Photos, captain's notes, and crew's tales from the 26' canal boat HUCK FINN. Itinerary: roundtrip St. Pete. FL/St. Paul MN.

Friday, September 08, 2006

I think I promised you earlier that when I found the perfect sunrise shot to match one of my favorite passages from Twain's "Life on the Mississippi", I would seize the moment. Here are the shots; here is Twain: "I had myself called with the 4 0'clock watch, mornings, for one cannot see too many summer sunrises on the Mississippi. They are enchanting. First, there is the eloquence of silence; for a deep hush broods everywhere. Next, there is the haunting sense of lonliness, isolation, remoteness from the worry and the bustle of the world.

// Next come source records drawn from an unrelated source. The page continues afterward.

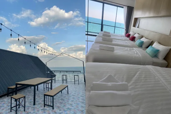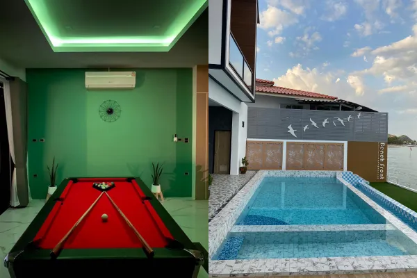 Beachfront พลูวิลล่าแสมสาร Beachfront พลูวิลล่าแสมสาร เป็นตัวเลือกที่ดีแน่นอนหากคุณกำลังมองหาที่พักดีๆ เพราะด้วยวิวทะเลสวยๆ ลมพัดเย็นสบาย บรรยากาศสุดยอดเยี่ยม มีความเป็นส่วนตัวที่พักตกแต่งด้วยสไตล์นอร์ดิก ดูดีมีสไตล์ บอกเลยเซลฟี่กันกระจาย โดดเด่นทุกมุมมองทั้งวิวห้อง วิวด้านหน้า วิวดาดฟ้า สิ่งอำนวยก็พร้อมมาก แบบมากจริงๆ ครบทุกอย่างที่ควรมี ทำให้ทริปท่องเที่ยวผ่านไปได้อย่างยอดเยี่ยม รูปแบบที่พัก ห้องขนาด2คน1ห้องห้องขนาดกลาง2ห้องห้องขนาดใหญ่1ห้องห้องน้ำมีทั้งหมด 5 ห้อง สิ่งอำนวยความสะดวก โต๊ะพลูสระว่ายน้ำคาราโอเกะเครื่องปรับอากาศโทรทัศน์ตู้เย็นกาต้มน้ำร้อน ไมโครเวฟไดร์เป่าผมWifiเครื่องทำน้ำอุ่นเตาปิ้งย่างแบบอย่างดีอุปกรณ์สำหรับทำอาหารที่จอดรถ ภาพบรรยากาศ สถานที่ตั้ง ที่อยู่ : 33 ถนน โยธาธิการ ชลบุรี 2077 ตำบล แสมสาร อำเภอสัตหีบ จังหวัดชลบุรี 20180 Google Map : Beachfront พลูวิลล่าแสมสาร ข้อมูลติดต่อ Facebook : Beachfront พลูวิลล่า แสมสาร Tel : 064-642-6492 กลับหน้ารวมที่พัก (เข้าชมที่พักอื่นๆ)
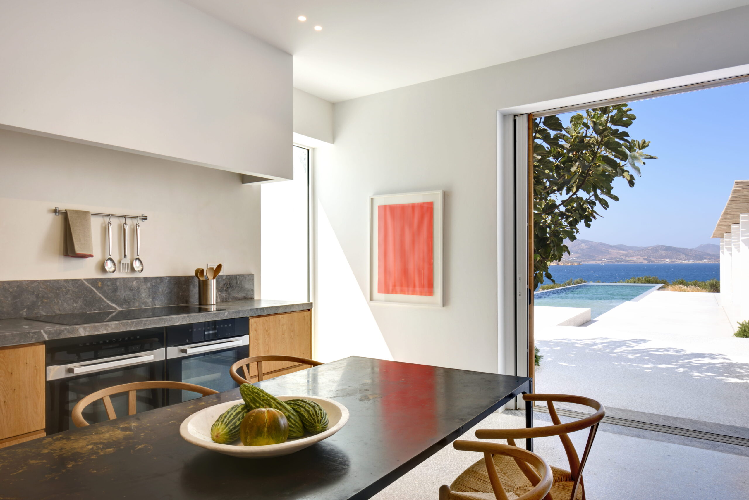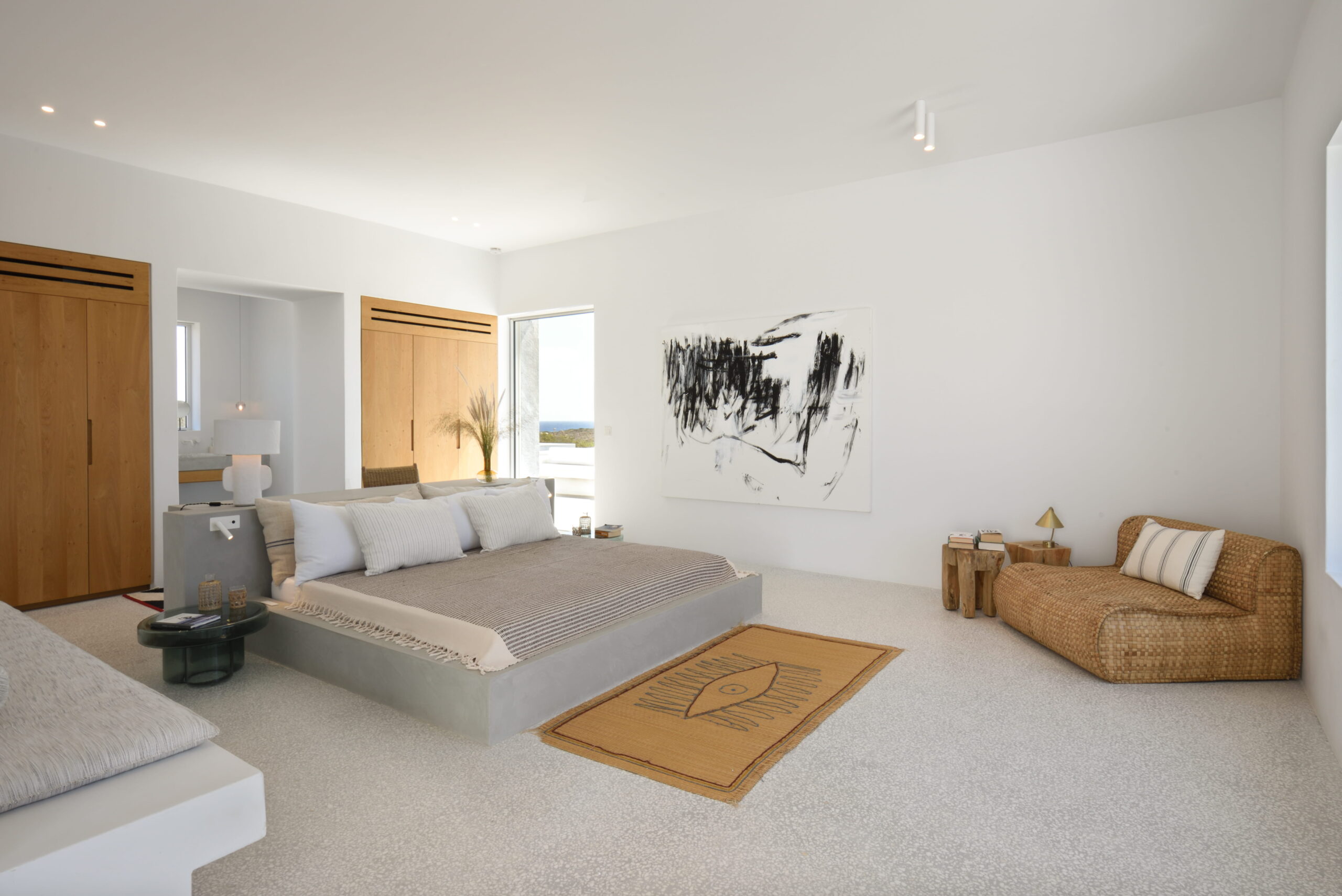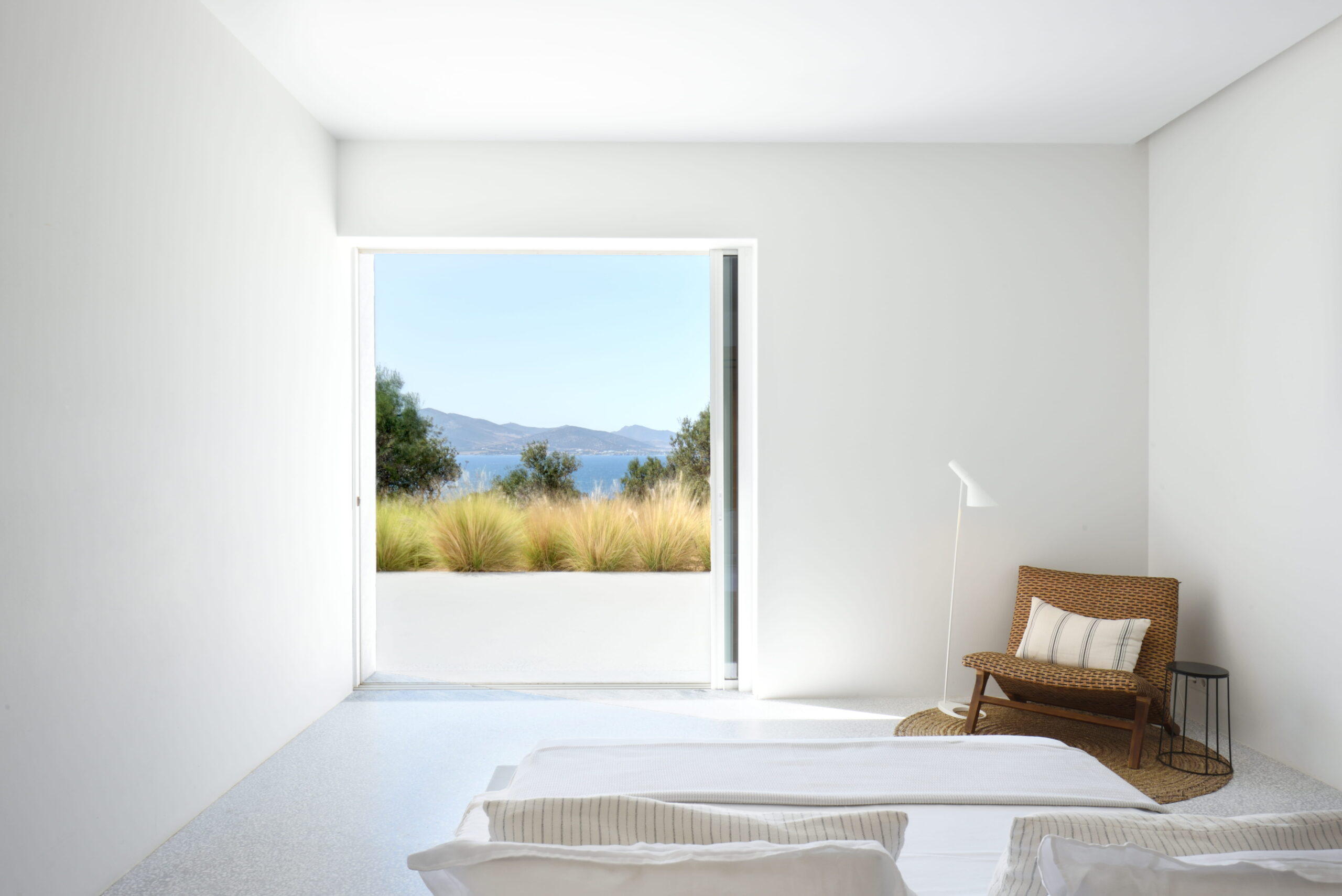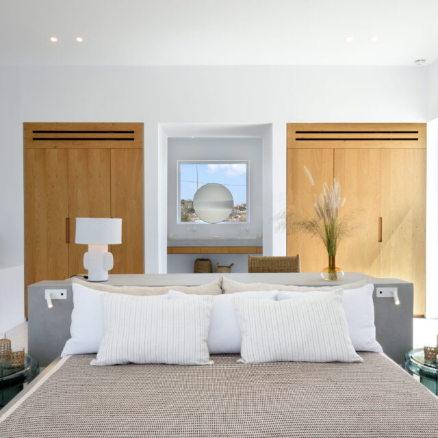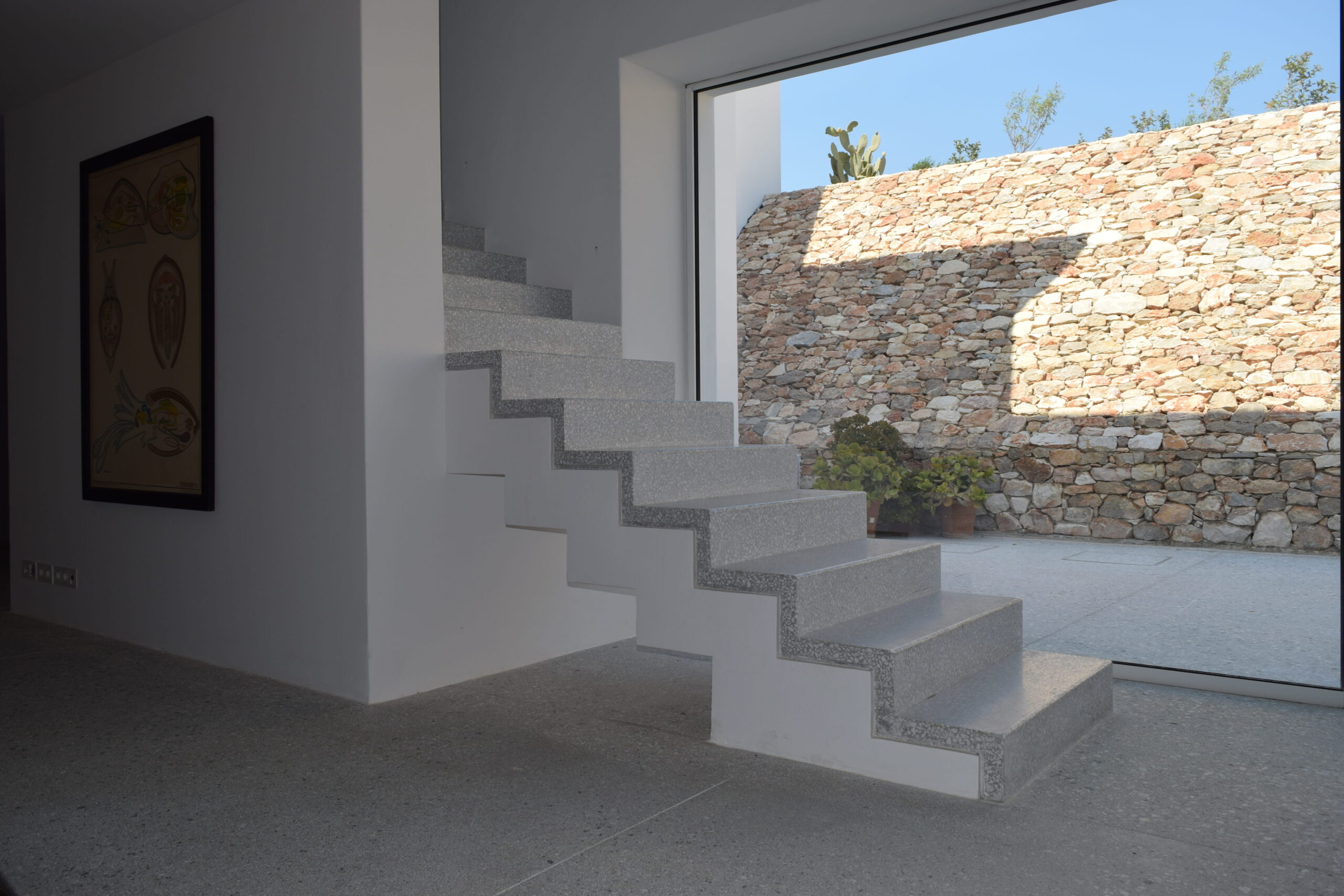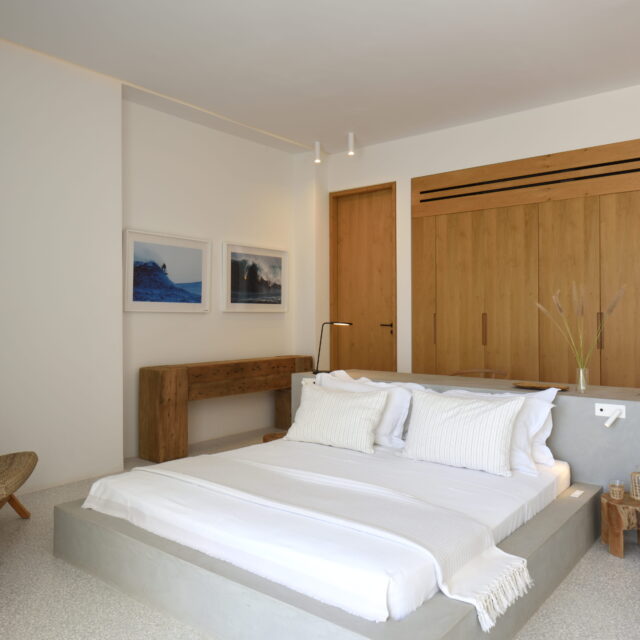 Just as the built elements are placed gently on the site, the material richness of the building is derived subtly by means of texture. Beyond the traditional white and stone walls, the materiality is augmented by Greek marble and terrazzo. The simplicity of these raw materials is the key to the intricacy of the project. The size of the stone aggregate displays calculated variation between different terrazzo surfaces, creating a subtle but vital gradation. The windows are framed by a densely hammered Aliveri marble, inspired by the decorative stone surround that marks the entrance of Parian churches, while counters and benches feature sandblasted and chiselled stone. These careful adjustments provide complexity without overloading the site, allowing the magic of the landscape to imbue the house with the unique energy for which we build by the seaside.
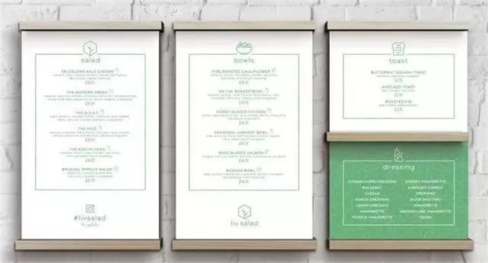輕食不僅注重食物原本的味覺,并且將心化的概念作為主要的核心。與追求佐料帶來的味覺爽快不同的是,輕食以健康、養(yǎng)生、內(nèi)化作為新的飲食方式。目前來說,大部分輕食餐飲店為了突出輕食健康便捷的特點,都會在VI和空間上采用簡約圖形、低飽和配色和大部分留白來突顯其輕食屬性,這樣的視覺設計在讓食客感到輕松愉悅的同時,更能突顯出輕食艷麗誘人的色彩,為盤中營養(yǎng)但卻可能過于寡淡的美食增添許些“風味”。

The dawn creeps in stealthily; the solid walls of black forest soften to gray, and vast stretches of the river open up and reveal themselves; the water is glass smooth, gives off spectral little wreaths of white-mist, there is not the faintest breath of wind, nor stir of leaf; the tranquility is profound and infinitely satisfying....Well, that is all beautiful; soft and rich and beautiful; and when the sun gets well up, and distributes a pink flush here and a powder of gold yonder and a purple haze where it will yield the best effect, you grant that you have seen something that is worth remembering."

Were Twain still alive and a tug captain today, perhaps he would be at the wheel of this modern tug plying southbound in the mist and the sunrise on the mighty Mississippi.